True Decentralized Exchanges

This is probably the most beneficial solution to the crypto end-user. True decentralized exchanges like Bisq offer decentralized trading that uses arbitrators and multi-sig accounts to transfer crypto. Information is only shared between the buyer and seller. The upside of an actual DEX is that data is all stored client side, and not in a centralized repository. This makes an attackers job exponentially difficult. An attacker would need access to your device to obtain this kind of information which is a much larger hurdle than gaining access to a database that stores all user information on it.

I say “true” decentralized exchange because many DEX’s that exist today that don’t require your physical address and other sensitive information don’t actually allow fiat on-ramps or they’re focused on tokens only.

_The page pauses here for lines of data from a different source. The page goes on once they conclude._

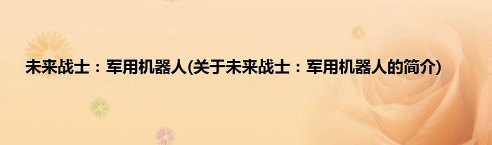 本文关于未来战士:军用机器人的简介就讲解完毕,希望对大家有所帮助。
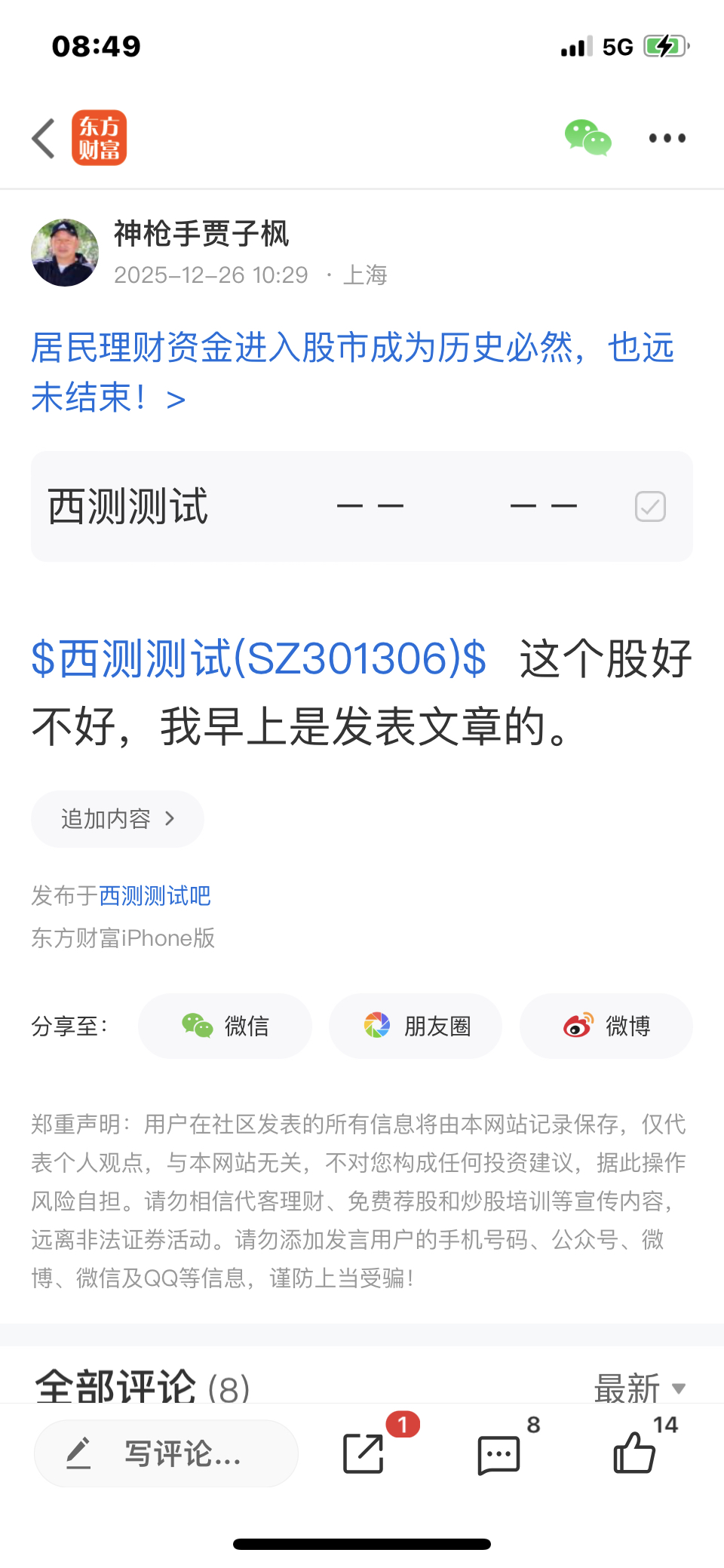 $西测测试(SZ301306)$ 这个是我十二月二十六号发表文章看好的股票,大家可以看我当时的文章,
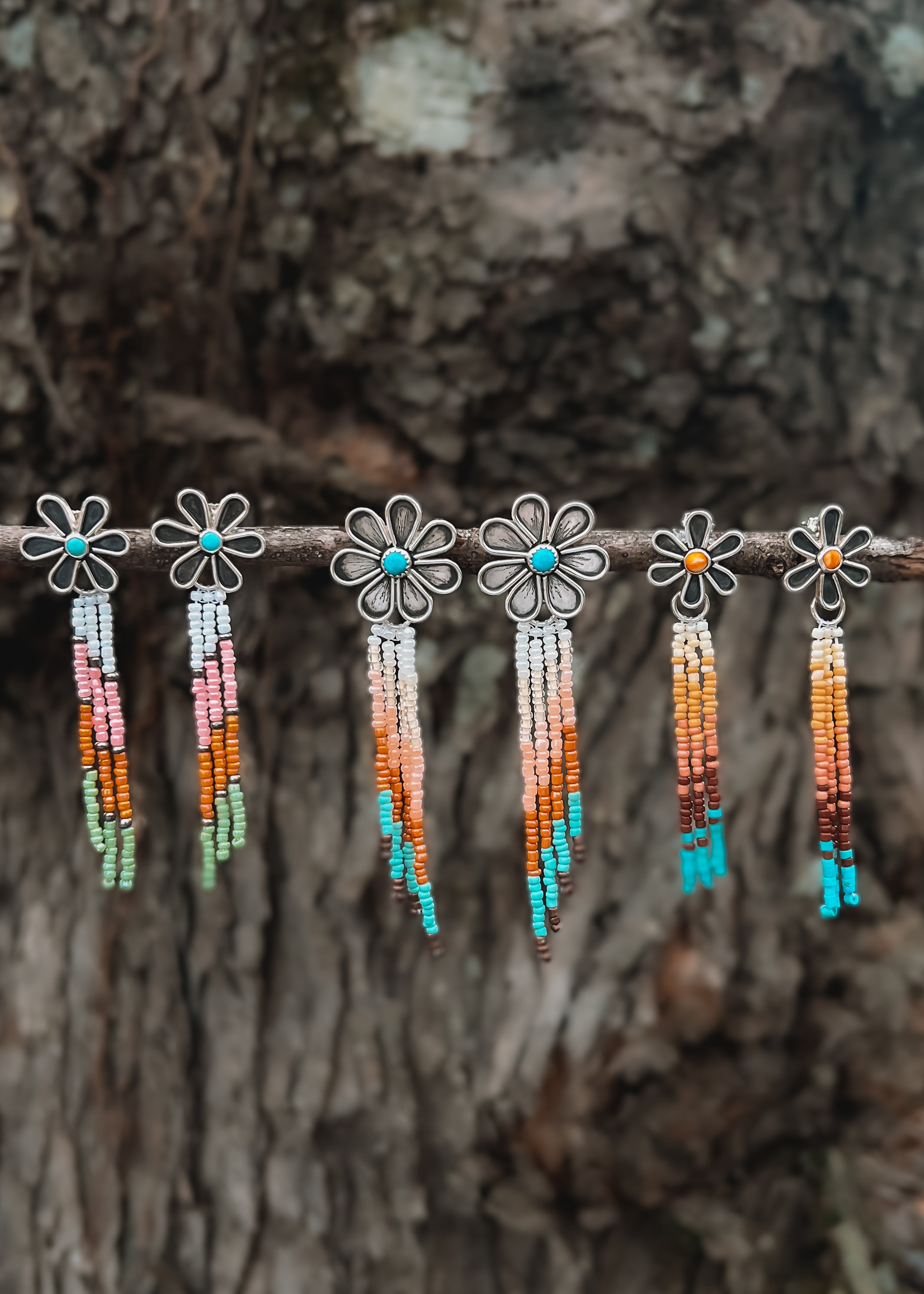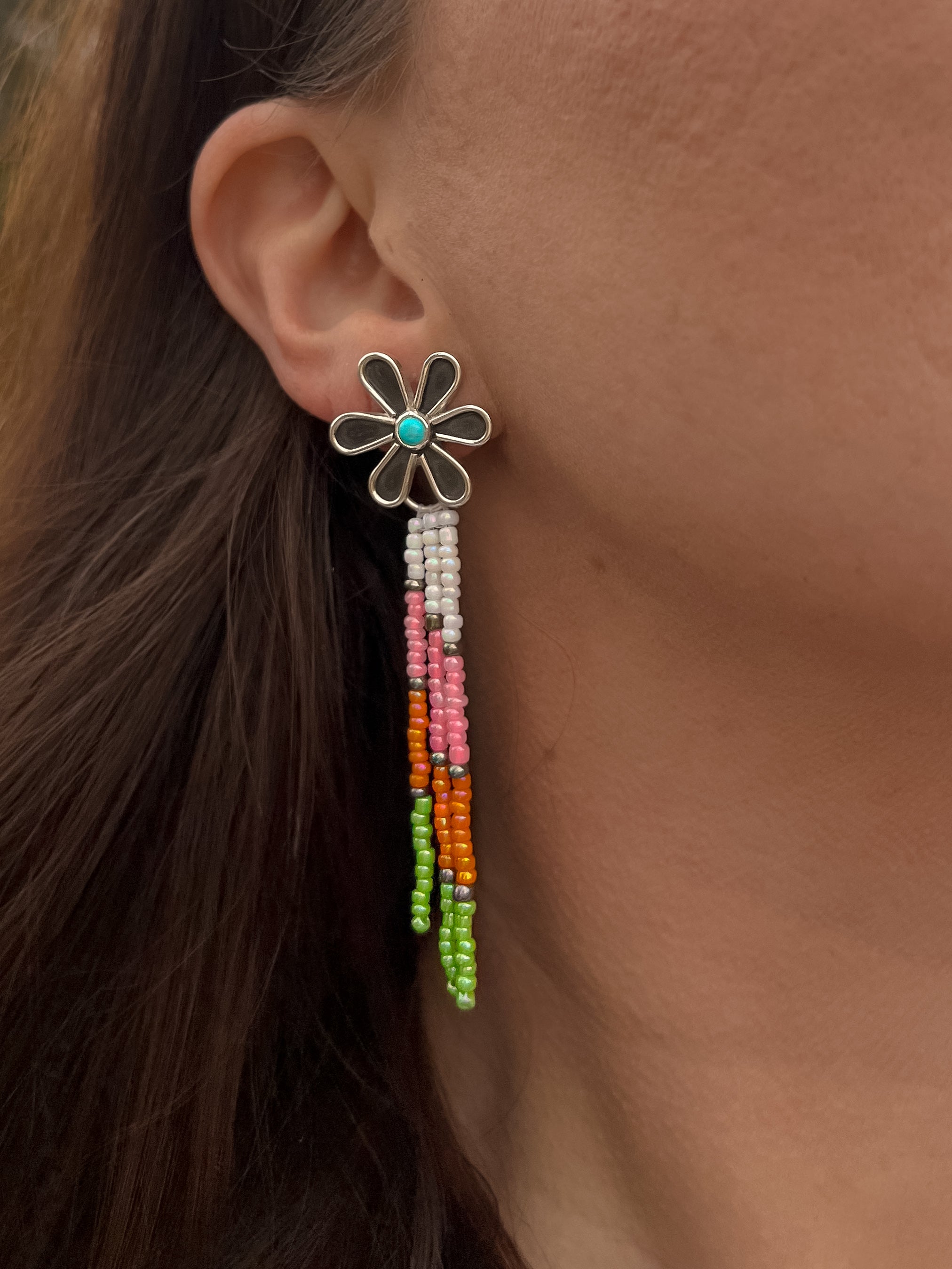 Sleeping Beauty turquoise with a hand forged flower and seed bead accents that flow effortlessly with every step!
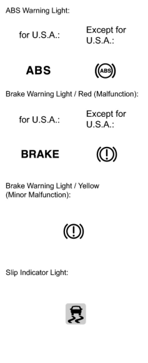 * The ABS warning light comes on for 3 seconds every time the preceding brake pedal operation is performed.
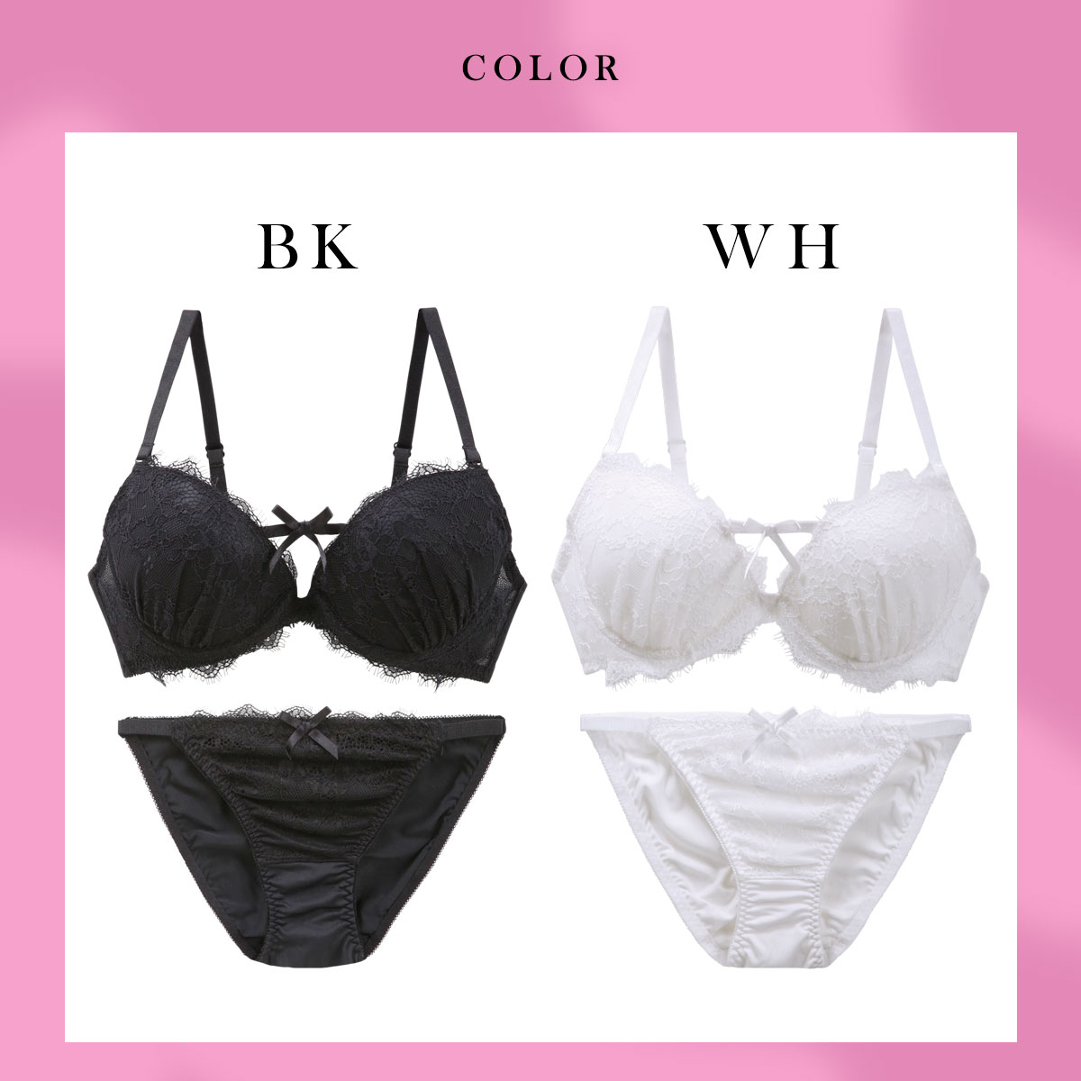 エレガント フロントリボン×アイラッシュ ブラセット CDEF80-95 谷間 大きいサイズ グラマー 脇寄せ 盛り ブラジャー ショーツ Elegante

Another option besides true DEX’s are exchanges that don’t store information server-side. If there are exchanges like this out there, that’s another potential solution. If there is a breach of this centralized exchange, there isn’t any information for a potential attacker to use against you.

It is only a matter of time before the data in these centralized exchanges (Both KYC and account data/records) are breached and leaked to the public. Once it is out there, that information can’t be taken back. The linkability between identities and personal crypto addresses/holdings is a bigger danger than even losing your crypto because this adds a physical danger dynamic that hasn’t been broached yet. Setting yourself up so that you are not affected by this is the best possible way for you to hedge your crypto holdings from being public record.